- _TASK GOAL_
Everything from the line holding "Horizontal Glass Warehousing Device" to the last line of the material below must be retyped exactly, minus any pictures.

──────── DATA IN THIS EXERCISE

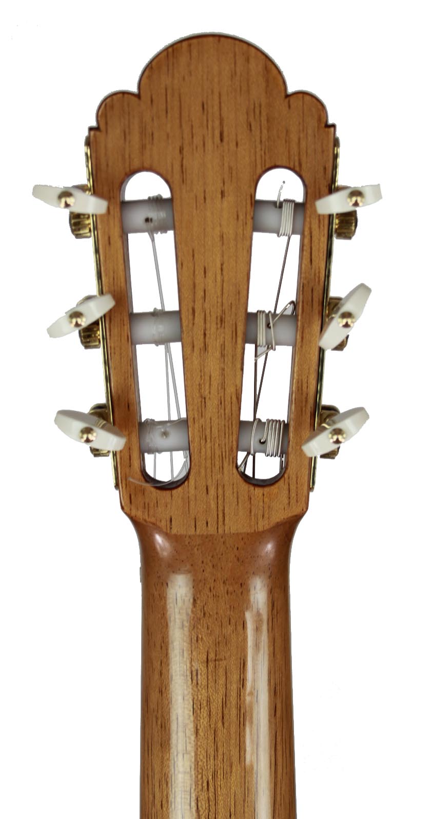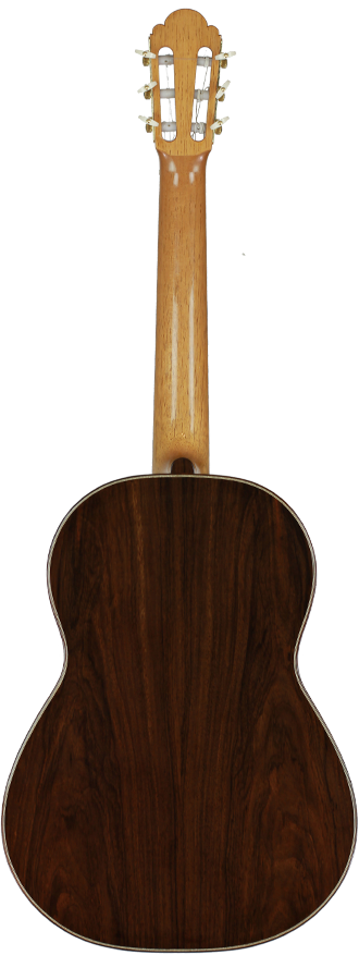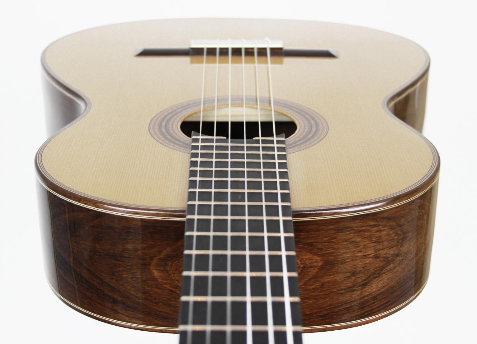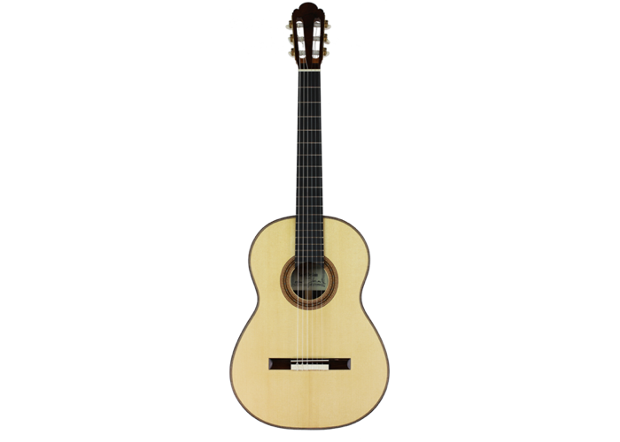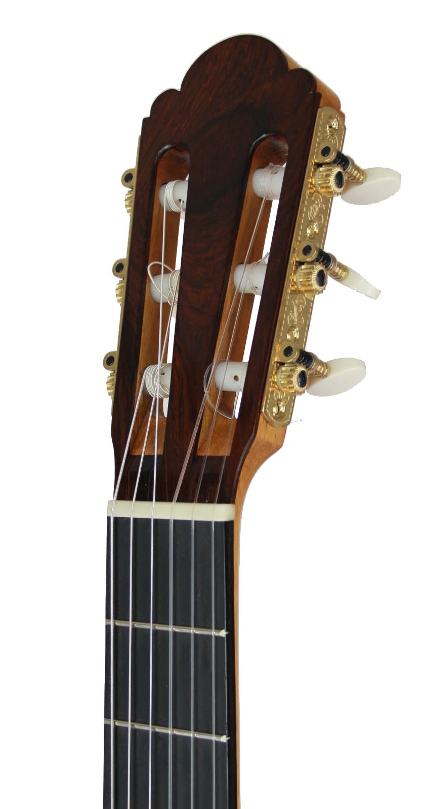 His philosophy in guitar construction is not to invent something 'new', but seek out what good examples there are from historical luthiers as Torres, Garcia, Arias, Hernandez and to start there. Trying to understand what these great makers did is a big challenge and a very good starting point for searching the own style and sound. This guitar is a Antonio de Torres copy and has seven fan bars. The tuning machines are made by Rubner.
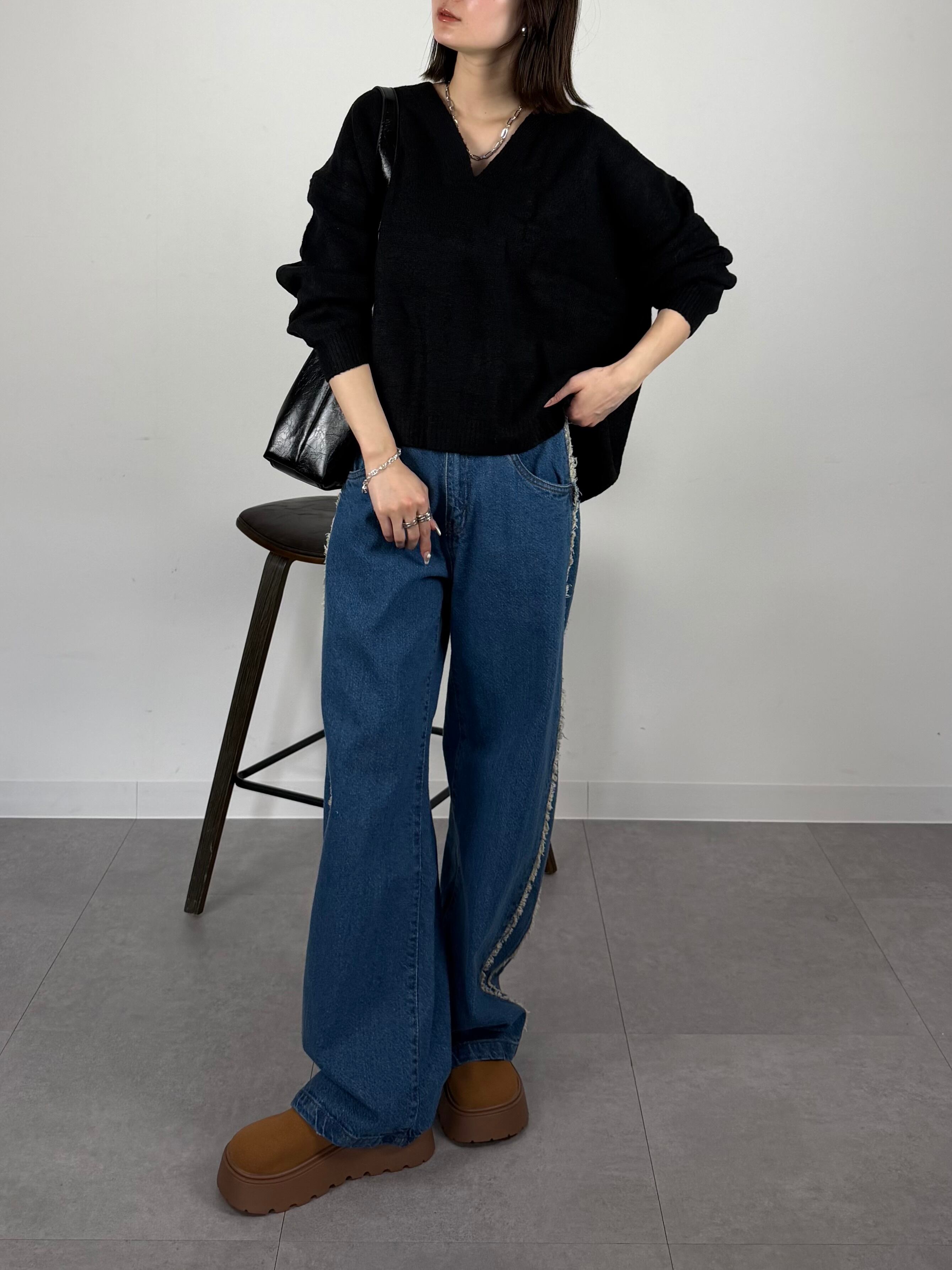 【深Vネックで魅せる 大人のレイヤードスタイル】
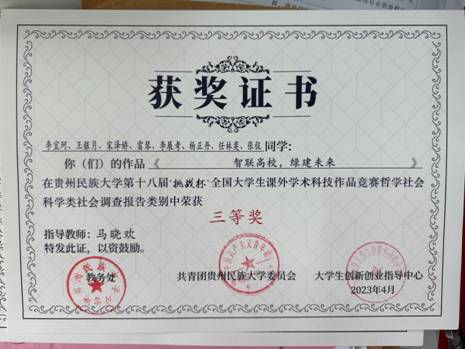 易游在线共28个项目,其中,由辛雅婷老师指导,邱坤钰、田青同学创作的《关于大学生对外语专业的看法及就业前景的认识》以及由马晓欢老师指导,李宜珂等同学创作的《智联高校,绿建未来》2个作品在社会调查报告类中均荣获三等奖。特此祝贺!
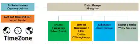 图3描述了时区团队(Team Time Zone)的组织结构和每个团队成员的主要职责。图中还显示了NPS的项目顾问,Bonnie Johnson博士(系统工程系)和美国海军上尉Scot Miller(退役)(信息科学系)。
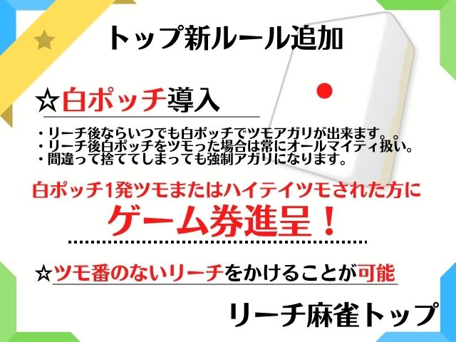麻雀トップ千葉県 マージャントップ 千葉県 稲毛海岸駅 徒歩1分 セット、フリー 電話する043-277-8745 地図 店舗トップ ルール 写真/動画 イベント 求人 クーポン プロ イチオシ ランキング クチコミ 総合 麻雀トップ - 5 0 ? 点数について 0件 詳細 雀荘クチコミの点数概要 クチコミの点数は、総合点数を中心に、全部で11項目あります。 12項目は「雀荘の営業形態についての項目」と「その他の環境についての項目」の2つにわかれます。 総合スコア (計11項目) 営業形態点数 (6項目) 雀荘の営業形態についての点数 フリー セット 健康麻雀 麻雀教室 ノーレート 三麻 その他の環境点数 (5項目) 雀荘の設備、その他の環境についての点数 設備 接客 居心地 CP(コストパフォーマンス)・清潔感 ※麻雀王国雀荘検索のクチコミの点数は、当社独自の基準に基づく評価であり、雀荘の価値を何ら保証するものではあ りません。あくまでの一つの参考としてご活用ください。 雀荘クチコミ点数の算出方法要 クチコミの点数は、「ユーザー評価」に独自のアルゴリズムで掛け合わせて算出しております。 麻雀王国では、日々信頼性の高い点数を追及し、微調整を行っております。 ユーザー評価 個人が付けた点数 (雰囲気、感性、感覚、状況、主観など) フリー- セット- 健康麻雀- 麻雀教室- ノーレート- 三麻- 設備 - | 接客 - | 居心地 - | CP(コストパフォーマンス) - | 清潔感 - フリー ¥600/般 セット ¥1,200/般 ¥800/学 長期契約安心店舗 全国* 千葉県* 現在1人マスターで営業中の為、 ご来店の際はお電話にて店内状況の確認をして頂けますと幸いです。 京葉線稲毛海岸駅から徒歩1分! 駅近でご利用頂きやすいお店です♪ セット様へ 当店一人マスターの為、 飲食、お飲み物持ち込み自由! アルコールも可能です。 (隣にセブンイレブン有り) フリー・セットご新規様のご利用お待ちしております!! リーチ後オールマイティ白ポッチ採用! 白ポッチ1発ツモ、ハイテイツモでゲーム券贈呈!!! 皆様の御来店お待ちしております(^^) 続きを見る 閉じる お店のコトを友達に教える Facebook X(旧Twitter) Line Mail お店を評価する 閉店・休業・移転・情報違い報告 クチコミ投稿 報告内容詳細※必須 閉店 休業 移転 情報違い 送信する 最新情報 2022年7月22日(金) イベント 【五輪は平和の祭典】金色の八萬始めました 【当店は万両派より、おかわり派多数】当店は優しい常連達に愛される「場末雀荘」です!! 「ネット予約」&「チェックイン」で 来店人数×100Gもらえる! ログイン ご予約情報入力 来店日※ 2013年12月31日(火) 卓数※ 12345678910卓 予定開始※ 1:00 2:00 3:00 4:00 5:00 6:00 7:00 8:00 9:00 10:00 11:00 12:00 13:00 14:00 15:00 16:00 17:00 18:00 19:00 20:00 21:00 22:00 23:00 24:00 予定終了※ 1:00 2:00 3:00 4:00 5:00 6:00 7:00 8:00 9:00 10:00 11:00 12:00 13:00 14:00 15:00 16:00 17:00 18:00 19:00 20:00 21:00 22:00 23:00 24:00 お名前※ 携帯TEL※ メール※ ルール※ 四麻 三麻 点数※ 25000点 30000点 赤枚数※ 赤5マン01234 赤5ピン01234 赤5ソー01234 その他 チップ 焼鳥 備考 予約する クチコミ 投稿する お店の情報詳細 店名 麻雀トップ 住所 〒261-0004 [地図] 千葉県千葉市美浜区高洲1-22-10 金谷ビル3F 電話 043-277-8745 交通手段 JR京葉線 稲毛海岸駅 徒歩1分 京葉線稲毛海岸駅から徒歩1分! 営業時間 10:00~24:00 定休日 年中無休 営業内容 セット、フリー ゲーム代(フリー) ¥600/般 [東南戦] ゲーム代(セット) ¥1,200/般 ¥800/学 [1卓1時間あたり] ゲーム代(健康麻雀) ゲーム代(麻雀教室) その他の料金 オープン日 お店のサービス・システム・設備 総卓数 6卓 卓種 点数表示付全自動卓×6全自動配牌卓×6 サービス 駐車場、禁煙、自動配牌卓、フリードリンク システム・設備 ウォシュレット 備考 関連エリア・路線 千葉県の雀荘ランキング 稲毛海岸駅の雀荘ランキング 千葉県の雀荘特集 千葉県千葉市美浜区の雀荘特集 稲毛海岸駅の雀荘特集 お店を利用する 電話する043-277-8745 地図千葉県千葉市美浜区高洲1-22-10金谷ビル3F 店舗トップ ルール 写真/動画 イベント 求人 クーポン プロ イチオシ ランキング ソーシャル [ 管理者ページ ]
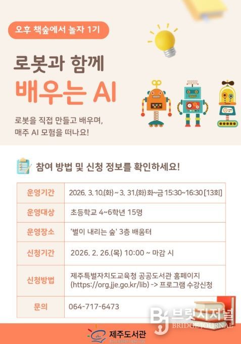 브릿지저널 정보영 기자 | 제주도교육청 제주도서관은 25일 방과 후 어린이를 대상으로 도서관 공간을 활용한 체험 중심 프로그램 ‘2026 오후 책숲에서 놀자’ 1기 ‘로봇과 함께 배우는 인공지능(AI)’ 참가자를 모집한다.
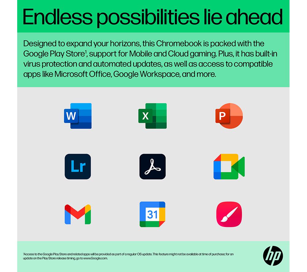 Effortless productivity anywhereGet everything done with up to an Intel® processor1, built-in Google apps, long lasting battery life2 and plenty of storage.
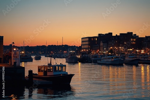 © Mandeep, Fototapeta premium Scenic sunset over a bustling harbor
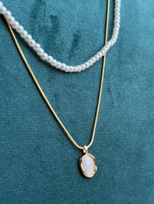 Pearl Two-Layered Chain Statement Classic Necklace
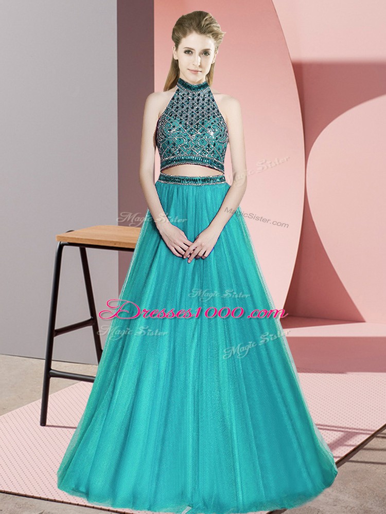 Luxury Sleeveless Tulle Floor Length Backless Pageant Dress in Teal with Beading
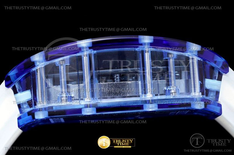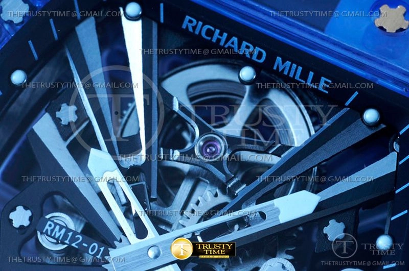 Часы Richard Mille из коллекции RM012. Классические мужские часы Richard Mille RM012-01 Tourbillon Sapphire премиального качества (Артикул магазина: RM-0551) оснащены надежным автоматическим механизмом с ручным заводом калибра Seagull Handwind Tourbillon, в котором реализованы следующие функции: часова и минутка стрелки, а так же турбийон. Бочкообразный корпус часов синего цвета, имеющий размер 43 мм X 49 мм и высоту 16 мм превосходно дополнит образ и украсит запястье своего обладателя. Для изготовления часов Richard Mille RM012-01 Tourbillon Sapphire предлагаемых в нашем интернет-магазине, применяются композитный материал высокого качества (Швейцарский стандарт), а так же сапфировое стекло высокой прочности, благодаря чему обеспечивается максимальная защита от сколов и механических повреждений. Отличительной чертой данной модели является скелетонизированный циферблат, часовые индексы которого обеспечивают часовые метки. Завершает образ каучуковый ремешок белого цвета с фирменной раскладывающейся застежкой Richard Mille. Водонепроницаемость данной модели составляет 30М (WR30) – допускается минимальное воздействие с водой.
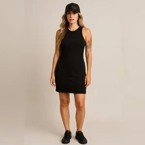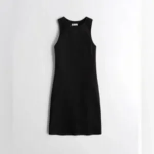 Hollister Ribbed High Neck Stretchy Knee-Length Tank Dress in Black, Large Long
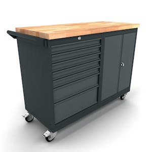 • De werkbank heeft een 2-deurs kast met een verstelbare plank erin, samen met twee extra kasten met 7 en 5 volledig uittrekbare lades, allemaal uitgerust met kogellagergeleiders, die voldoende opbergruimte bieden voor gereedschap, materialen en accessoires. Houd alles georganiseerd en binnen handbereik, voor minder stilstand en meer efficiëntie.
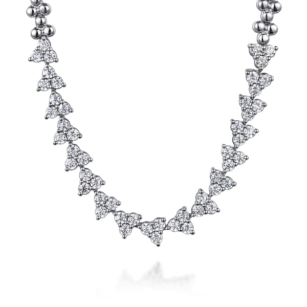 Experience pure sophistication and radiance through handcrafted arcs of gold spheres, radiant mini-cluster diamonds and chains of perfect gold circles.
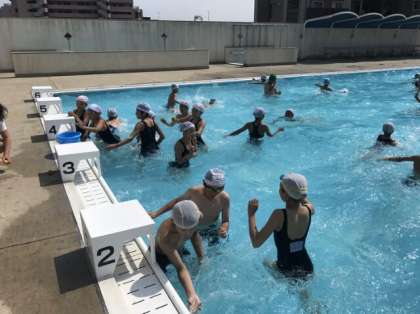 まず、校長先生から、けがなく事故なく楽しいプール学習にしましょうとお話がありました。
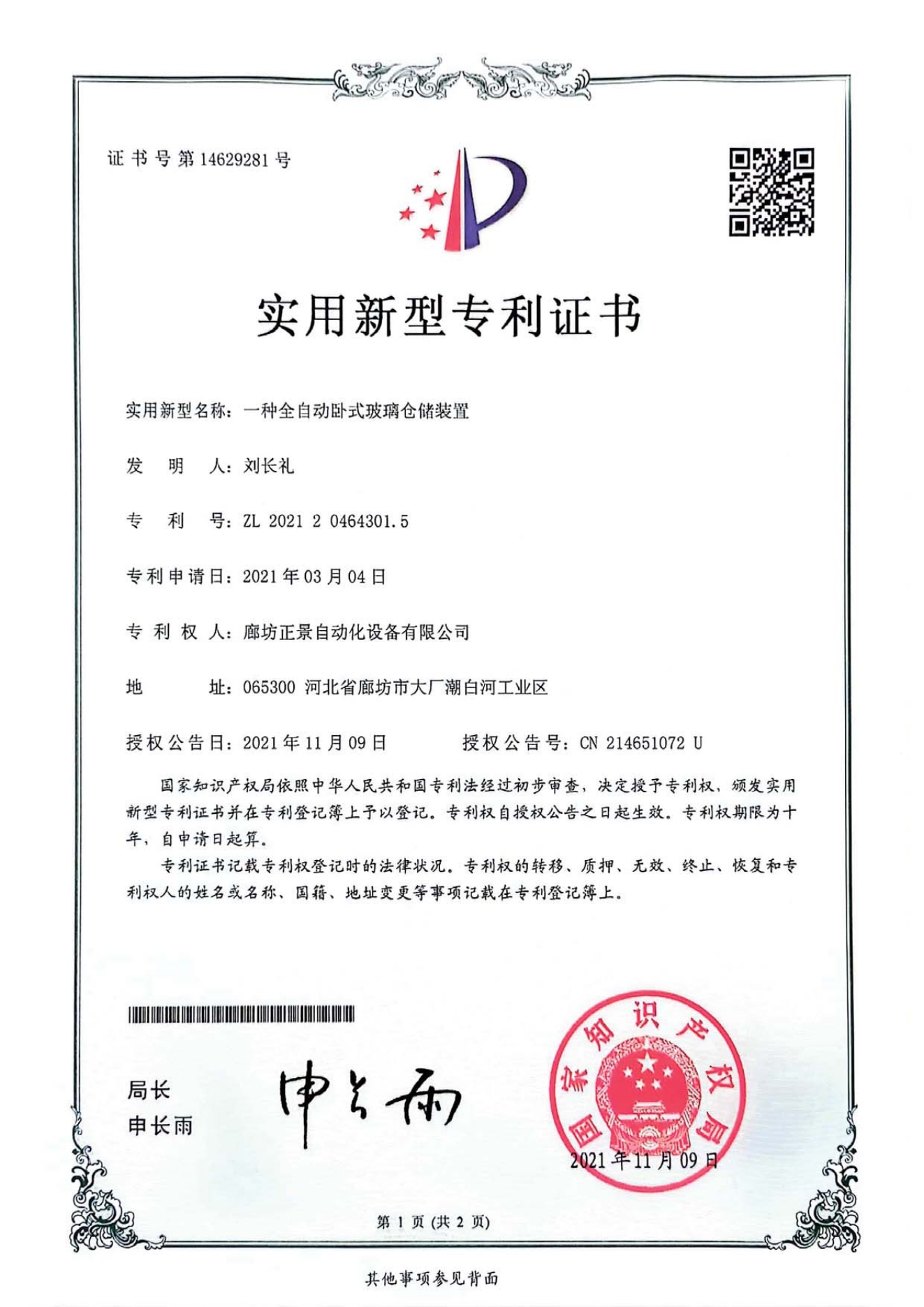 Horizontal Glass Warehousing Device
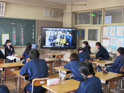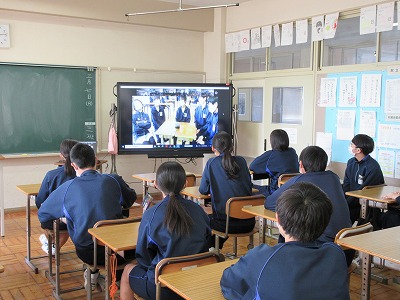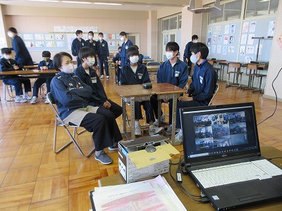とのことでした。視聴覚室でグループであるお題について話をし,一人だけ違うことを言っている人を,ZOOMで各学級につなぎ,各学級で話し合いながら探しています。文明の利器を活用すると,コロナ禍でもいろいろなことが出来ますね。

────────────────

- _RESPONSE BELOW_
 Horizontal Glass Warehousing Device
とのことでした。視聴覚室でグループであるお題について話をし,一人だけ違うことを言っている人を,ZOOMで各学級につなぎ,各学級で話し合いながら探しています。文明の利器を活用すると,コロナ禍でもいろいろなことが出来ますね。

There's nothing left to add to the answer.